## [Work request]
Output the exact lines that start at the one containing "深圳中考录取率排名分析,你家孩子排名多少可以上四大?" and continue to the last line of the entries below; do not output pictures.
Start of The records
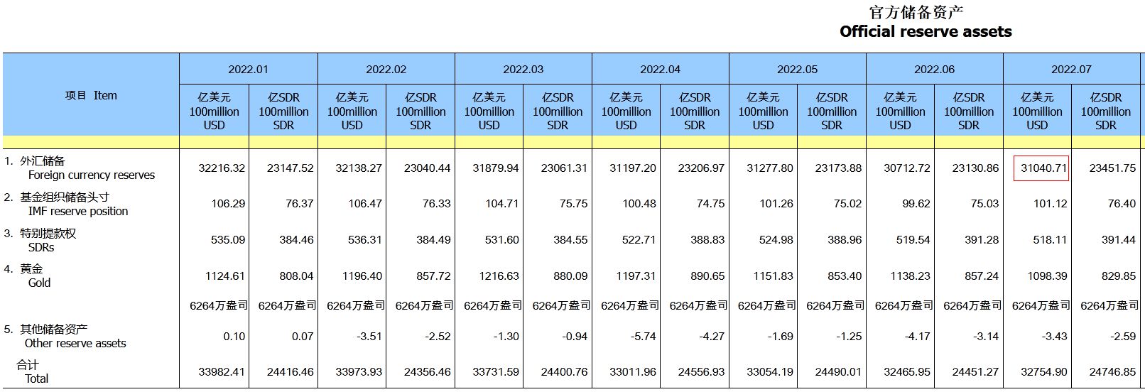 对于2022年7月份外汇储备规模变动情况,国家外汇管理局副局长、新闻发言人王春英表示,截至2022年7月末,我国外汇储备规模为31041亿美元,较6月末上升328亿美元,升幅为1.07%。
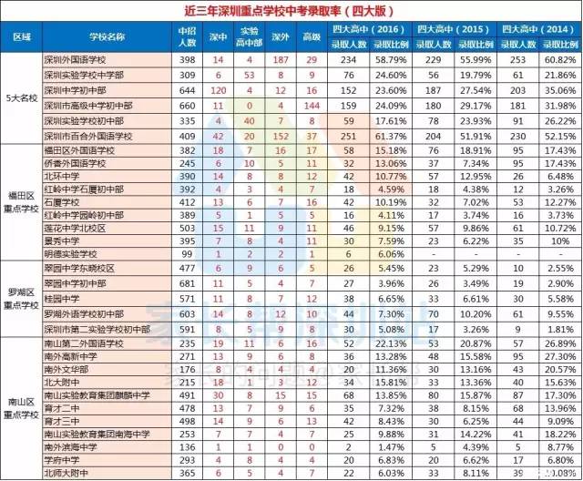 深圳中考录取率排名分析,你家孩子排名多少可以上四大?
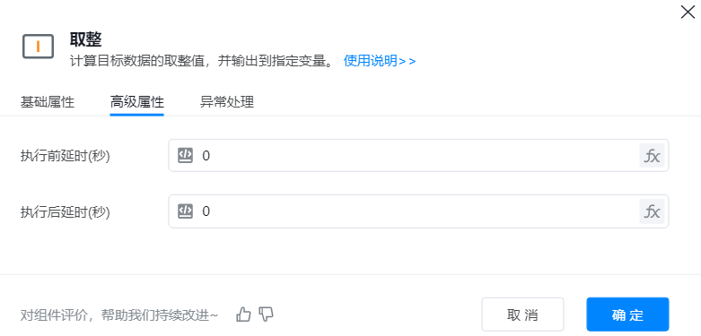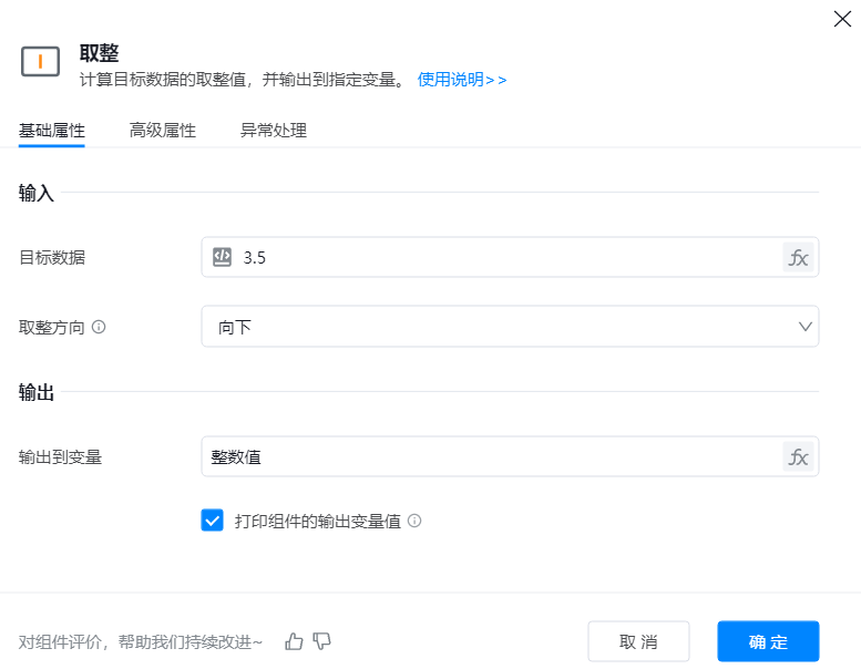 添加组件到可视化编辑区,在属性框中输入目标数据,并选择取整方向;运行组件,将计算结果赋值到变量。
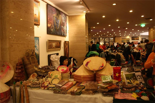 4- Hai Công ty đã hỗ trợ và đăng ký quầy hàng giới thiệu sản phẩm mỹ nghệ của Việt Nam tại Hội chợ là Công ty Barotex của chị Trung Chính và Công ty gia đình ông bà Vân - Ba, Hải Phòng. Hai quầy đã tham gia đóng đóng tiền quầy và tiền từ thiện cùng ĐSQ theo qui định hội chợ.
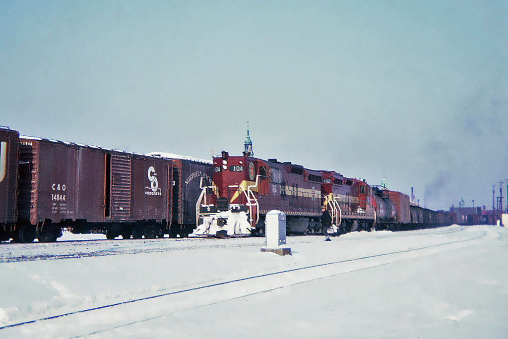 Caption: Two Duluth, Missabe and Iron Range SD9's exemplify some of the diverse, leased power that worked both the CN and CP during the mid-60"s.Number 104 and sister 152 work west with an extra at Montreal in February 1965.
End of The records
## [Written reply]
 深圳中考录取率排名分析,你家孩子排名多少可以上四大?
 添加组件到可视化编辑区,在属性框中输入目标数据,并选择取整方向;运行组件,将计算结果赋值到变量。
 4- Hai Công ty đã hỗ trợ và đăng ký quầy hàng giới thiệu sản phẩm mỹ nghệ của Việt Nam tại Hội chợ là Công ty Barotex của chị Trung Chính và Công ty gia đình ông bà Vân - Ba, Hải Phòng. Hai quầy đã tham gia đóng đóng tiền quầy và tiền từ thiện cùng ĐSQ theo qui định hội chợ.
 Caption: Two Duluth, Missabe and Iron Range SD9's exemplify some of the diverse, leased power that worked both the CN and CP during the mid-60"s.Number 104 and sister 152 work west with an extra at Montreal in February 1965.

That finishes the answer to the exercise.